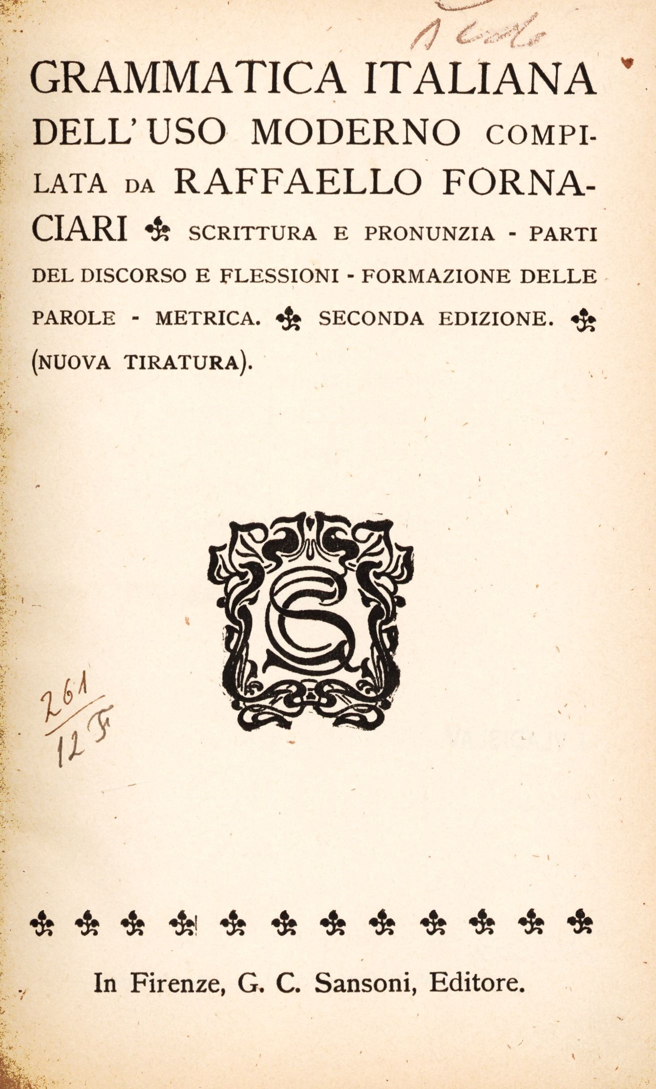 1. Title informationGrammatica italiana dell'uso moderno : scrittura e pronunzia - parti del discorso e flessioni - formazione delle parole - metrica / compilata da Raffaello Fornaciari
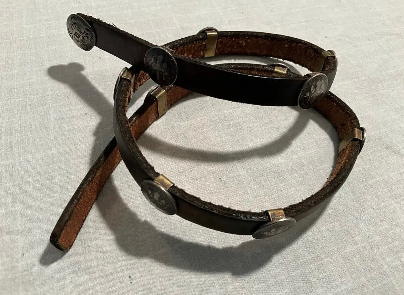 This is a vintage mercury dime coin, silver hat band. There are 10 mercury dimes measuring 11/16 inch diameter. The buckle measures 1 inch by three-quarter inch. The band measures 27 1/2” long.
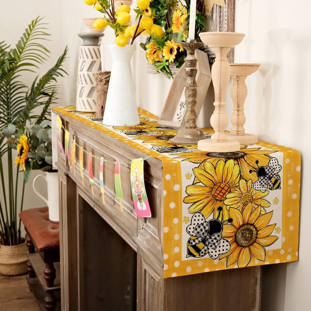 ARKENY Summer Table Runner 13×72 Inches, Sunflower Bee Yellow Seasonal Farmhouse Polka Dot Burlap Indoor Kitchen Anniversary Dining Table Decor for Home Party AT611-72
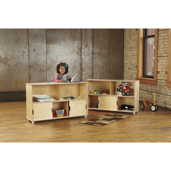 Multi-functional storage is robust enough for heavy books. Bottom storage area helps reduce clutter and allows items to be hidden behind two sliding doors. Choose from units with three, or four shelves as well (1724JC and 1725JC). Each unit has adjustable shelves to fit your needs. 36"High 58lbs.
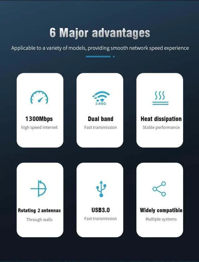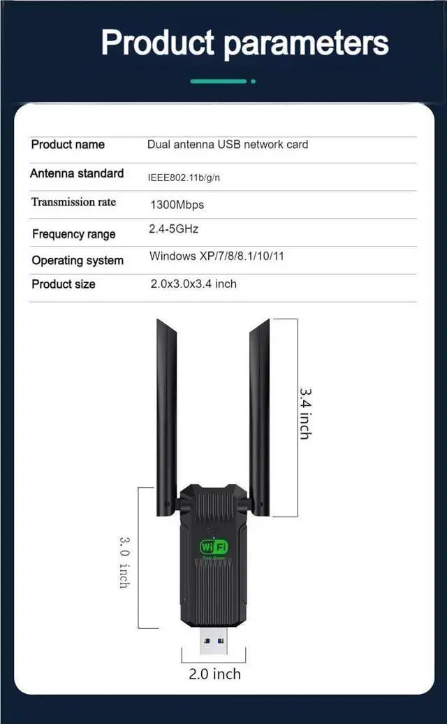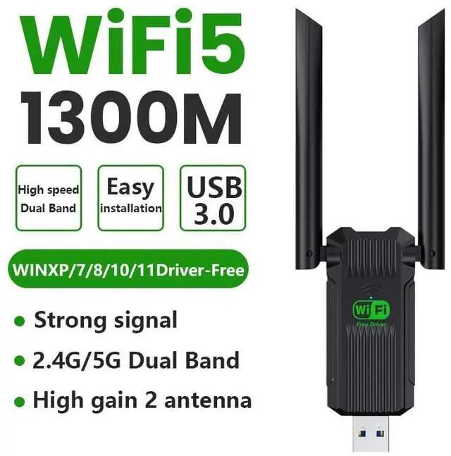 USB wifi adapter with 1300Mbps high wifi speed, faster transmission rate than other WiFi adapters, WiFi speed can reach 867Mbps in 5GHz band and 300Mbps in 2.4GHz band,Upgrade your PCs or laptops to 802.11b standardsIt will bring you a special high -speed and smooth experience.
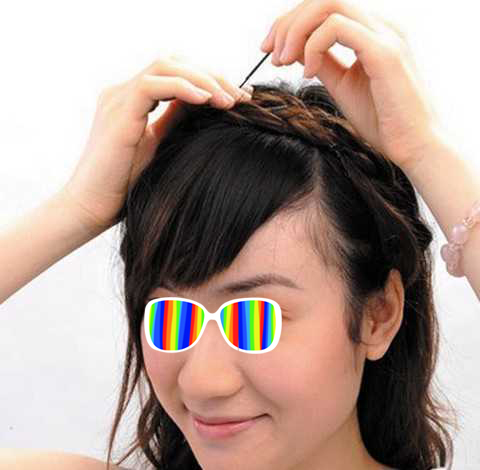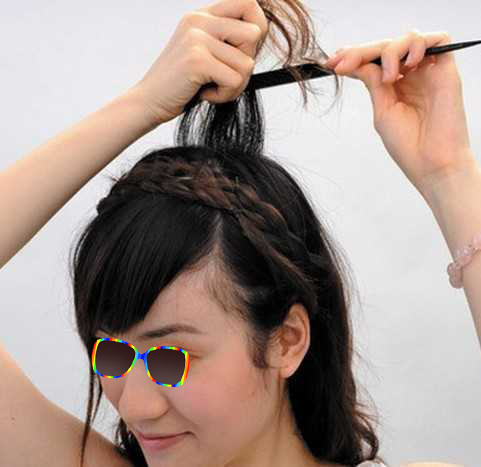 4、接着把两束发辫缠绕在顶部上,使用发卡固定好位置。

::::

**Exercise description:** Please quote exactly the run of lines that starts the entries and ends at the line containing "ARKENY Summer Table", leaving out every picture.

**Exercise solution:**
 1. Title informationGrammatica italiana dell'uso moderno : scrittura e pronunzia - parti del discorso e flessioni - formazione delle parole - metrica / compilata da Raffaello Fornaciari
 This is a vintage mercury dime coin, silver hat band. There are 10 mercury dimes measuring 11/16 inch diameter. The buckle measures 1 inch by three-quarter inch. The band measures 27 1/2” long.
 ARKENY Summer Table Runner 13×72 Inches, Sunflower Bee Yellow Seasonal Farmhouse Polka Dot Burlap Indoor Kitchen Anniversary Dining Table Decor for Home Party AT611-72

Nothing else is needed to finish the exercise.